## EXERCISE DETAILS
Please return the listing exactly as it stands, skipping any pictures.

## GIVEN INFORMATION
════
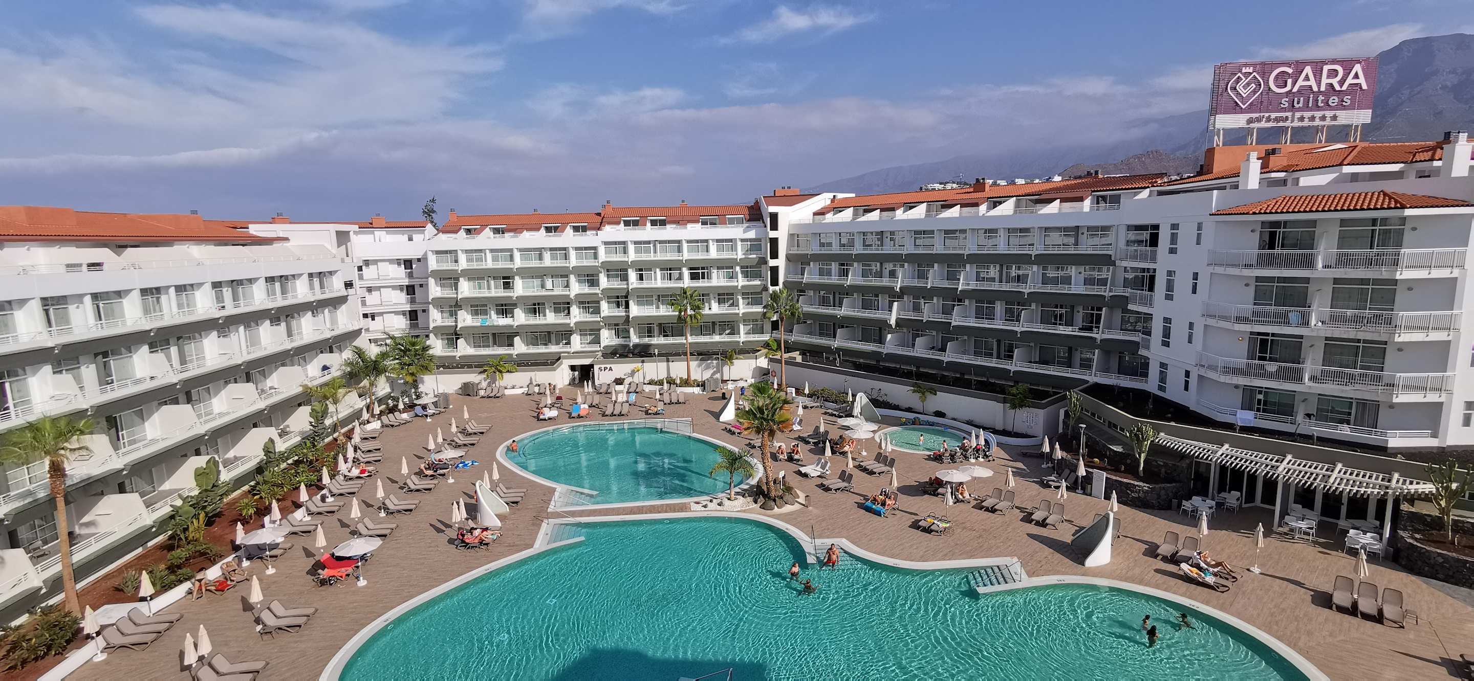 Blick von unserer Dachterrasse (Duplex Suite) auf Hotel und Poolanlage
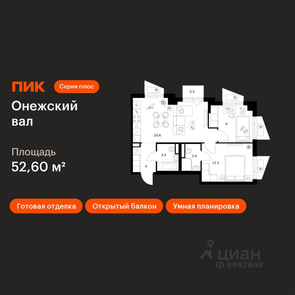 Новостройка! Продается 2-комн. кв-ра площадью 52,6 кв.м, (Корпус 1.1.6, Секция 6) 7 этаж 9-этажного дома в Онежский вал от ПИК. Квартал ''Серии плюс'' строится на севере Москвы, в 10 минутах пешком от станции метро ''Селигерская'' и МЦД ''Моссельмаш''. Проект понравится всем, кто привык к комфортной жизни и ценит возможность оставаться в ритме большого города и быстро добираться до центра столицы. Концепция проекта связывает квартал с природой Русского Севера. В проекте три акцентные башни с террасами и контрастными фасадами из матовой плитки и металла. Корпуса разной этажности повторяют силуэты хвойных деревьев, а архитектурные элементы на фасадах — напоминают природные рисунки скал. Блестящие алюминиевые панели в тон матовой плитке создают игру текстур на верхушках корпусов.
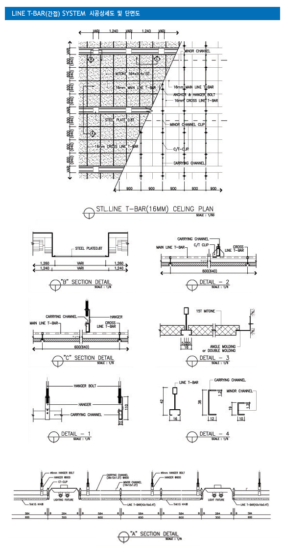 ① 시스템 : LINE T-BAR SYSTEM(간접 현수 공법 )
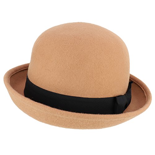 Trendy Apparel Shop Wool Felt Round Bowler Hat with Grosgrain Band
════
## EXERCISE RESPONSE
 Blick von unserer Dachterrasse (Duplex Suite) auf Hotel und Poolanlage
 Новостройка! Продается 2-комн. кв-ра площадью 52,6 кв.м, (Корпус 1.1.6, Секция 6) 7 этаж 9-этажного дома в Онежский вал от ПИК. Квартал ''Серии плюс'' строится на севере Москвы, в 10 минутах пешком от станции метро ''Селигерская'' и МЦД ''Моссельмаш''. Проект понравится всем, кто привык к комфортной жизни и ценит возможность оставаться в ритме большого города и быстро добираться до центра столицы. Концепция проекта связывает квартал с природой Русского Севера. В проекте три акцентные башни с террасами и контрастными фасадами из матовой плитки и металла. Корпуса разной этажности повторяют силуэты хвойных деревьев, а архитектурные элементы на фасадах — напоминают природные рисунки скал. Блестящие алюминиевые панели в тон матовой плитке создают игру текстур на верхушках корпусов.
 ① 시스템 : LINE T-BAR SYSTEM(간접 현수 공법 )
 Trendy Apparel Shop Wool Felt Round Bowler Hat with Grosgrain Band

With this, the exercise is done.